The business model of the participations in Digital Infrastructure and in Selective Real Estate is mainly demand-related and often specific to each individual participation. An infrastructurespecific term is used for these segments in each case. For valuation purposes, a remaining useful life of at least 15 years is retained, with no, or only limited, residual value taken into account at the end of the useful life. Again, debt financing is typically on an installment basis with a shorter maturity than the life of the underlying infrastructure.
Over the reporting period, TINC received € 91.592.675 of cash flows in the form of dividends, interest, fees, realised gains, repayments and divestments of capital and loans. These cash flows underpin the distribution policy of TINC.
The graphs below provide an indicative overview of the sum of cash flows TINC expects to receive from the Public Infrastructure and Energy Infrastructure segments over the expected finite life of the infrastructure, calculated at June 30, 2022 and June 30, 2022. These charts do not consider the investment in Zelfstroom, outstanding contractual investment commitments with respect to both existing participations and new participations, nor any other possible new additional investment commitment. The increase in future indicative annual cash flows compared to June 30, 2022 is mainly linked to new investments.

Energy Infrastructure

Indicative annual cash flows (in million EUR) on 30/06/2022
Assumptions with respect to Public Infrastructure, Energy Infrastructure, Digital Infrastructure and Selective Real Estate
The expected cash flows for each of the participations are based on long-term contracts, a regulated environment and/or a strategic position, which is specific to infrastructure.
In determining the estimated future cash flows for purposes of the valuation of the participations, the following assumptions, among others, are used:
in the remainder of the current fiscal year 2022-2023, 3% in 2024 and 2,0% thereafter.

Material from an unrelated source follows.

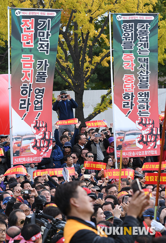 카카오의 카풀 서비스 도입을 반대하는 전국 택시 산업 종사자들이 18일 서울 광화문광장에서 열린 '택시 생존권 사수 결의대회'에서 구호를 외치고 있다.

Interest rates on debt financing of participations are (largely) hedged for the expected lifetime of the infrastructure.
Assumptions with respect to Energy Infrastructure

The chart above represents the expected power price per MWh calculated as the weighted average of future power prices based on capacity within the current portfolio, as used as an assumption for the June 30, 2023 and June 30, 2022 valuations.

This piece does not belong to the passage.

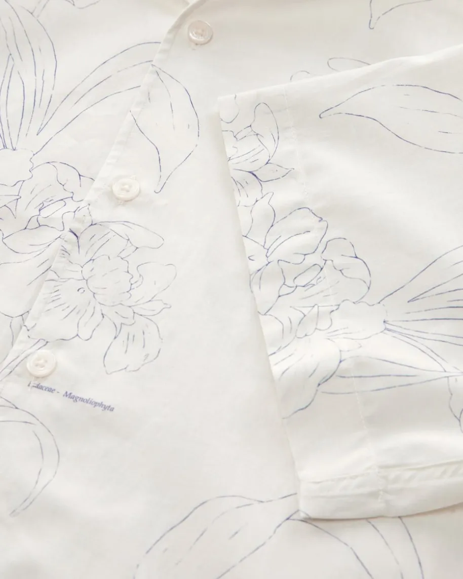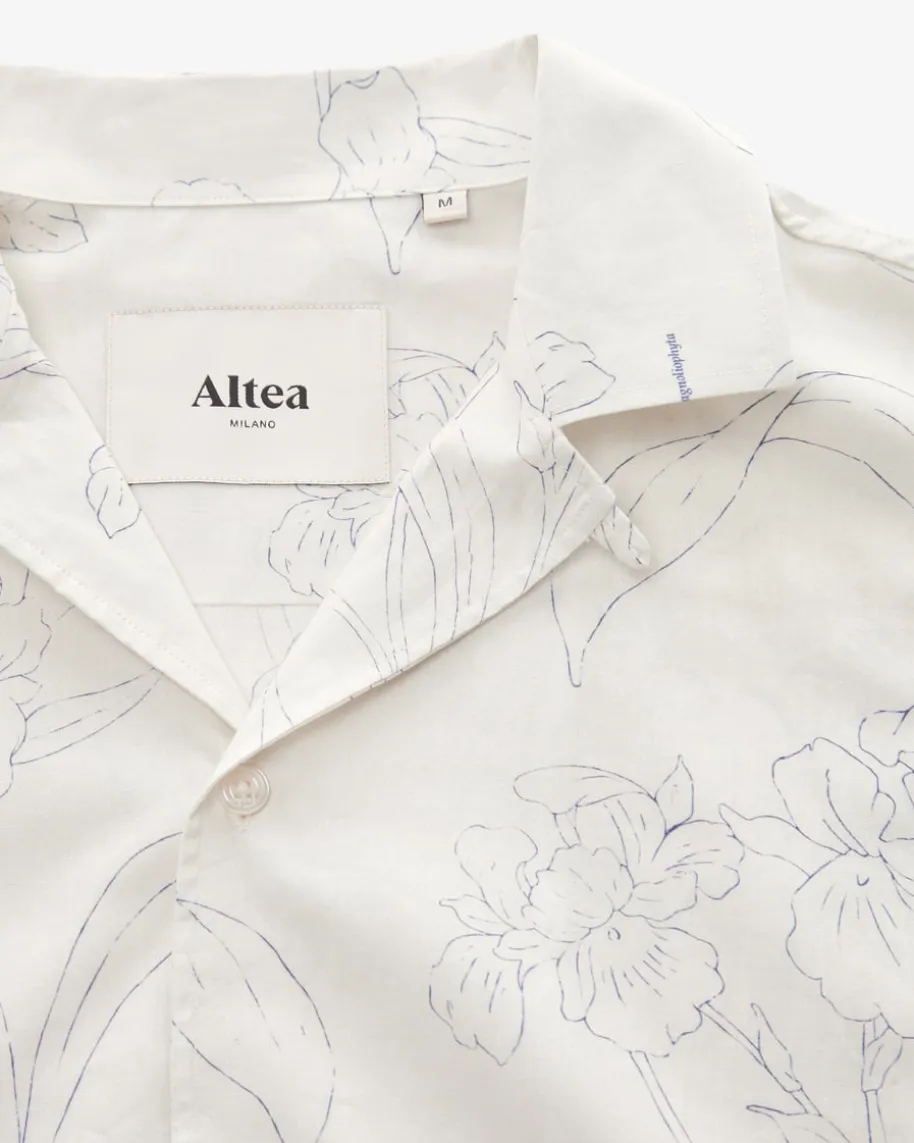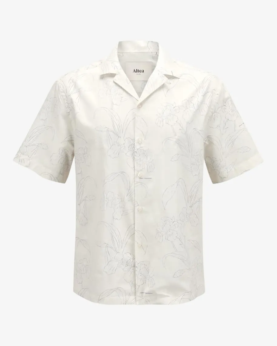 Bart Bowlinghemd für Herren von Altea in Off-White und Blau. Das Kurzarm-Modellavanciert dank der leichten Baumwoll-Qualität zu einem legeren Begleiter mithohem Tragekomfort, welcher durch das filigrane, florale Muster einen besonderenCharakter erhält.

The expected net-revenues per MWh are lower than in the graph. A 'profile discount' and a 'balancing discount' of 30% in total (20% at June 30, 2022) is applied. This is a markdown on the power prices deducted by the buyer of the power produced. This discount reflects the fact that power production from solar and wind is not accurately predictable at any given moment. This markdown is compensation to the buyer of the power for its responsibility to always keep the power grid in "balance" or equilibrium.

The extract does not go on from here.